For this exercise, output the entries below exactly from the line that holds "Комплектація: 8 карток-завдань;" to the line that holds "Mesa Auxiliar Multiusos", both ends included. No pictures belong in the copy.

Source records
---------------
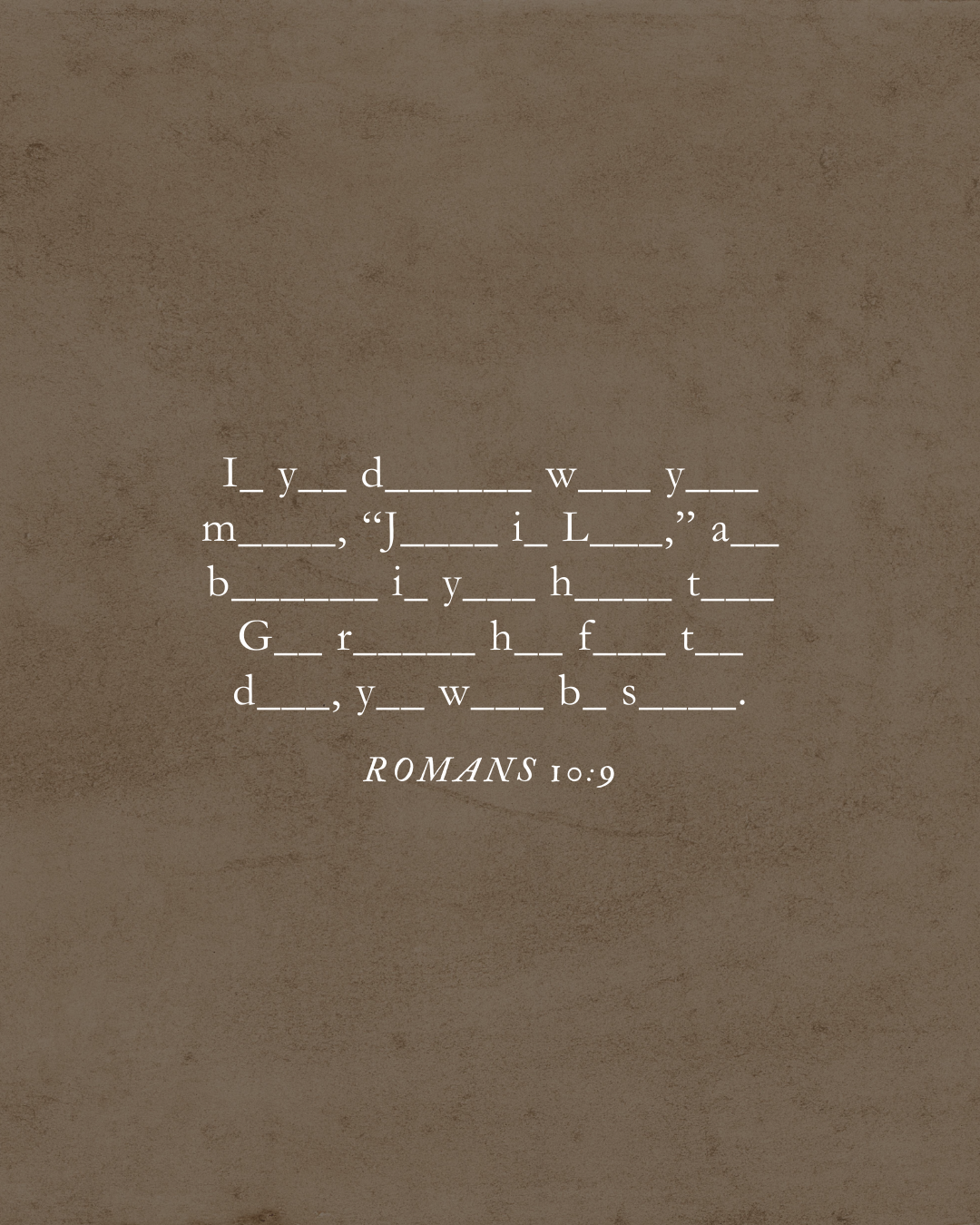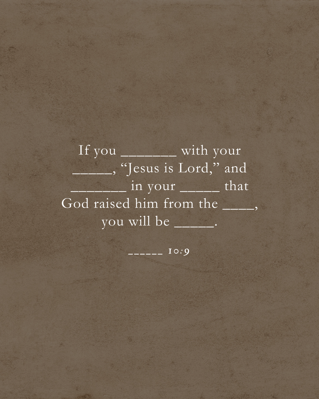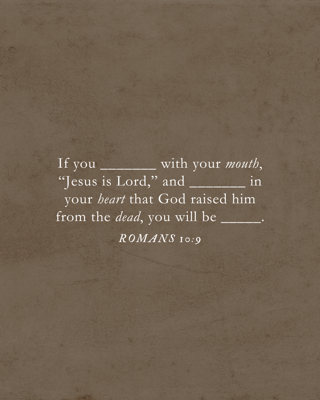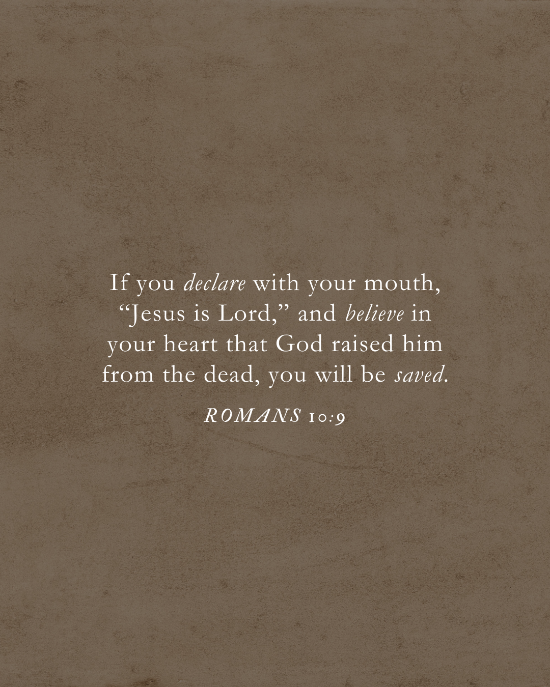 إنْ أعلَنتَ بِشَفَتَيْكَ، وَآمَنتَ بِقَلْبِكَ، أنَّ يَسُوعَ رَبٌّ وَأنَّ اللهَ أقَامَهُ مِنَ المَوْتِ، خَلُصْتَ.
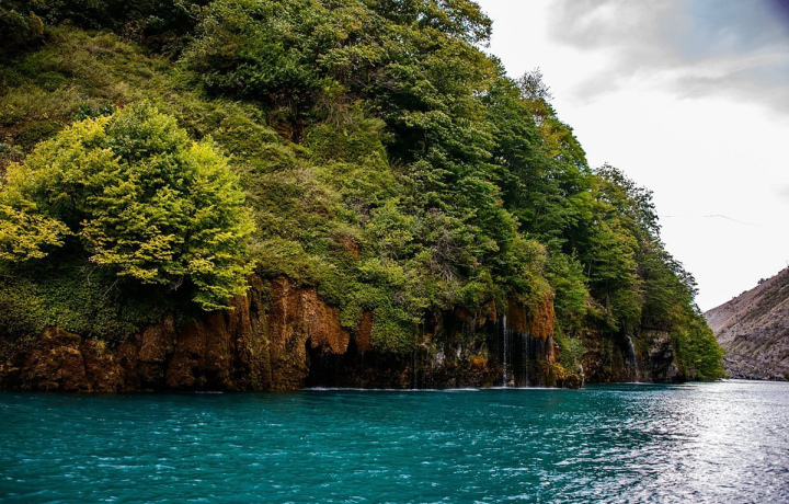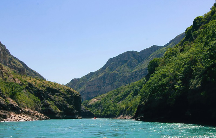 После того, как полюбуемся на красоту каньона сверху, вас ждет невероятное водное приключение — прогулка на катере по Чиркейскому водохранилищу.
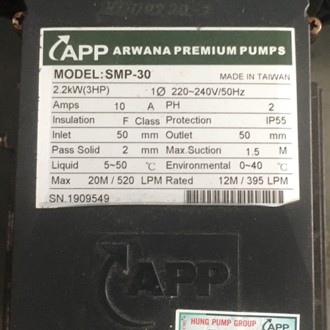Máy bơm APP SMP-30 (3Hp) 2.2Kw điện 220v (1 pha) là dòng bơm nước hồ bơi giá rẻ nhập khẩu từ Đài Loan
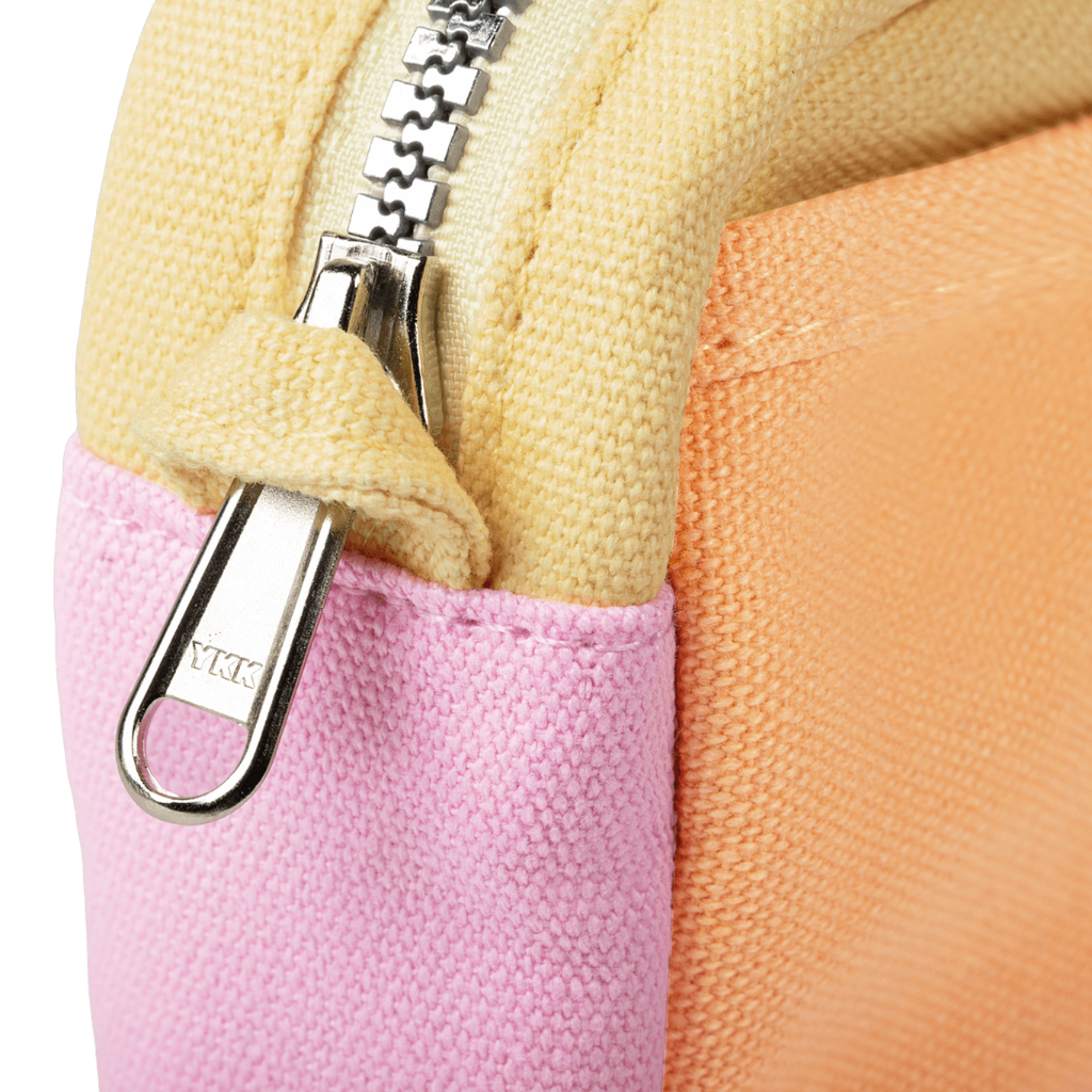 Close-up of a multicolored bag with a zipper, featuring a brand logo.
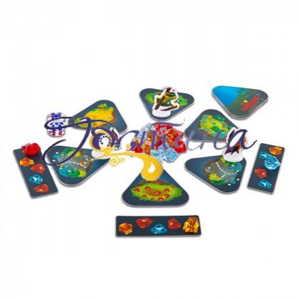 Комплектація: 8 карток-завдань; 11 міні-полів; 21 камінь (по 7 штук різного кольору); пластиковий кубик; 3 фішки із зображенням героїв; листівка з розповіддю; інструкція; посилання на аудіоказку. Розмір коробки: 20 ? 20 ? 6,8 см.
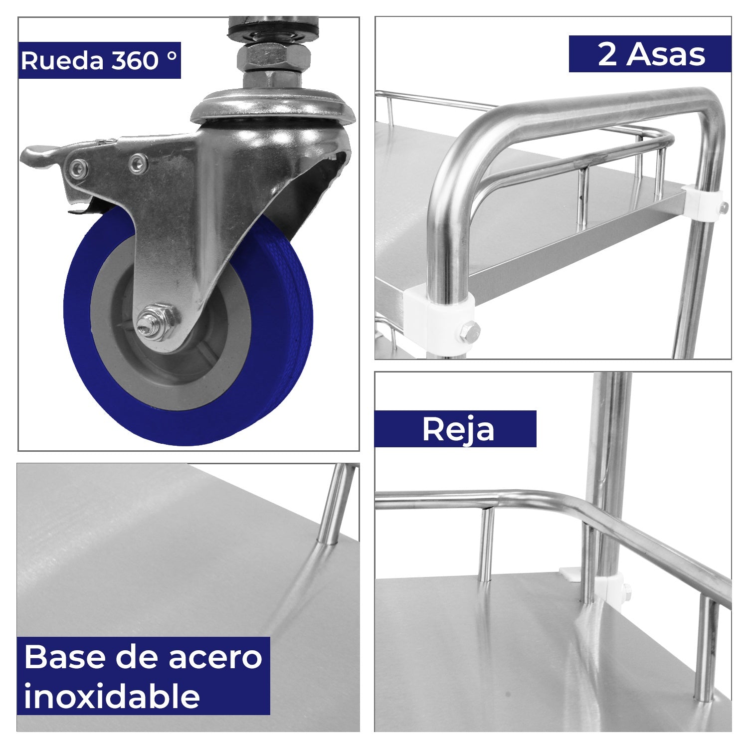 Mesa Auxiliar Multiusos Estetica Spa Barberia 2 Charolas Acero Inoxidable
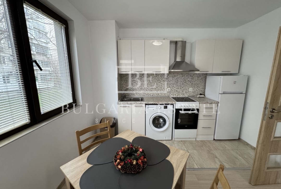 Апартаментът впечатлява със своя модерен интериор и отлично поддържано състояние. Състои се от просторен хол с кухненски бокс, който разполага с всички необходими електроуреди – пералня, печка, котлони, хладилник и фризер. От дневната има излаз към уютна тераса, идеална за сутрешно кафе или релакс в края на деня. Спалнята е светла и комфортна, а банята с тоалетна е оборудвана и поддържана в отлично състояние. Жилището има широк коридор, който допълва усещането за пространство и удобство.
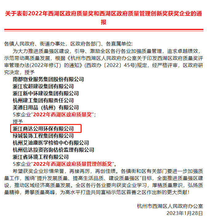 近日,杭州市西湖區(qū)人民政府發(fā)布“關(guān)于表彰2022年西湖區(qū)政府質(zhì)量獎和西湖區(qū)政府質(zhì)量管理創(chuàng)新獎獲獎企業(yè)”的通報,商達(dá)公用榮獲“2022年西湖區(qū)政府質(zhì)量管理創(chuàng)新獎”。
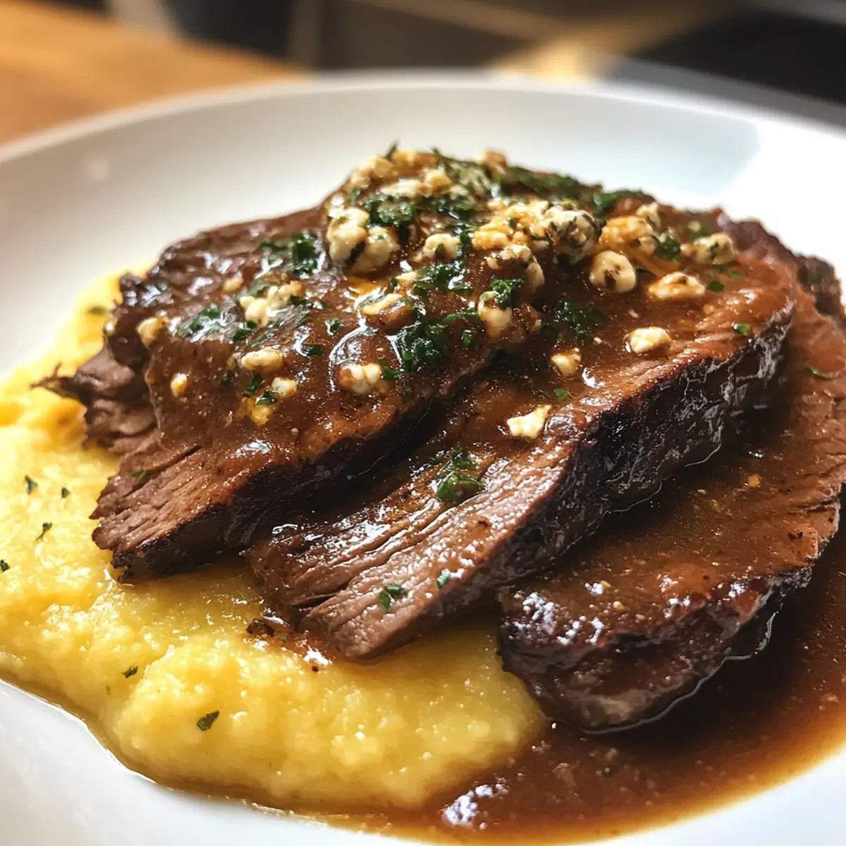 Cremige Gorgonzola-Polenta: Diese weiche Beilage besteht aus mildem Gorgonzola und passt hervorragend zum herzhaften Stracotto und nimmt die reichhaltige Sauce auf.
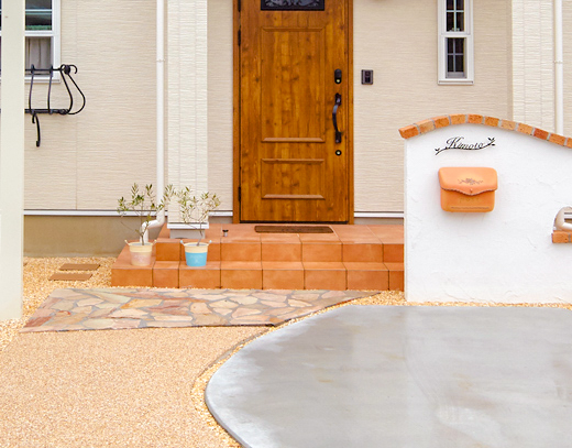 特に玄関ポーチのテラコッタ調のタイルは僕のお気に入りです。
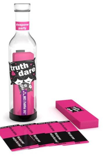 - Sleepover Party edition of The Purple Cow Truth & Dare card game in a bottle
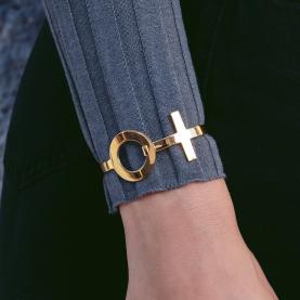– Vi har tagit fram en stiliserad kvinnosymbol till det här armbandet, lite lik Roks logotyp faktiskt. Givetvis har vi ekonomiska förhoppningar för armbandet, alltså att den drar in pengar till Aurorafonden. Vi tror på att stötta varandra, kvinnor emellan, men vi har också en förhoppning om att designen som är sparsmakad och subtil ändå ska ingjuta power och styrka hos bäraren. Kvinnlig styrka!
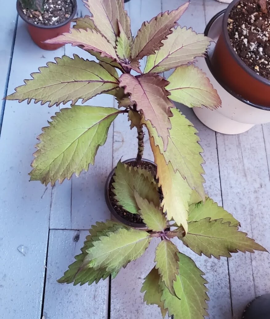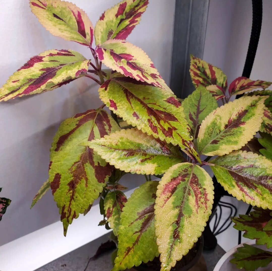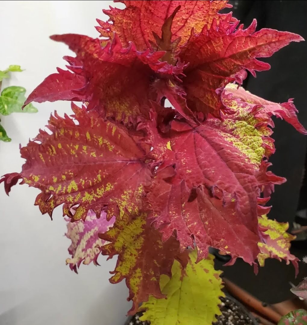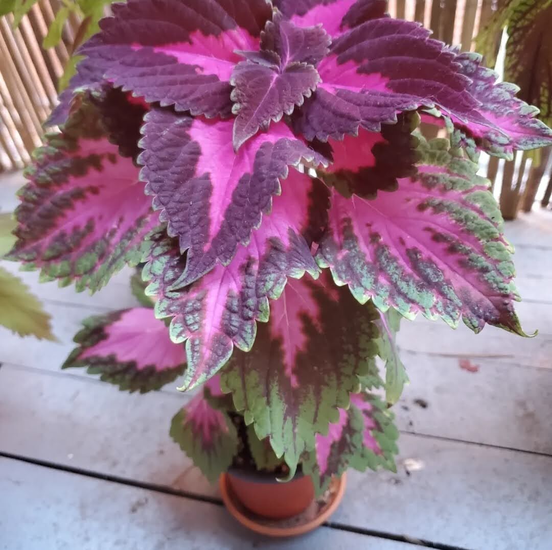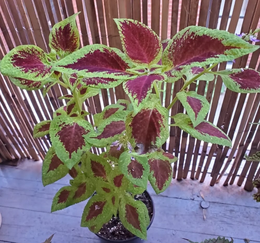 Une plante aussi qu’on trouve beaucoup à Montréal dans les parterres et les jardinières, le Coleus (Plectranthus scutellarioides). Ce que j’aime avec cette plante, c’est que lorsqu’elle a soif, ses feuilles se mettent à pendre lamentablement, et là je sais que c’est le bon moment de l’arroser. En plus, comme le lierre, il existe une infinité de variétés différentes, toutes plus belles les unes que les autres. En voici quelques unes des miennes.
---------------
Result for this exercise:
 Комплектація: 8 карток-завдань; 11 міні-полів; 21 камінь (по 7 штук різного кольору); пластиковий кубик; 3 фішки із зображенням героїв; листівка з розповіддю; інструкція; посилання на аудіоказку. Розмір коробки: 20 ? 20 ? 6,8 см.
 Mesa Auxiliar Multiusos Estetica Spa Barberia 2 Charolas Acero Inoxidable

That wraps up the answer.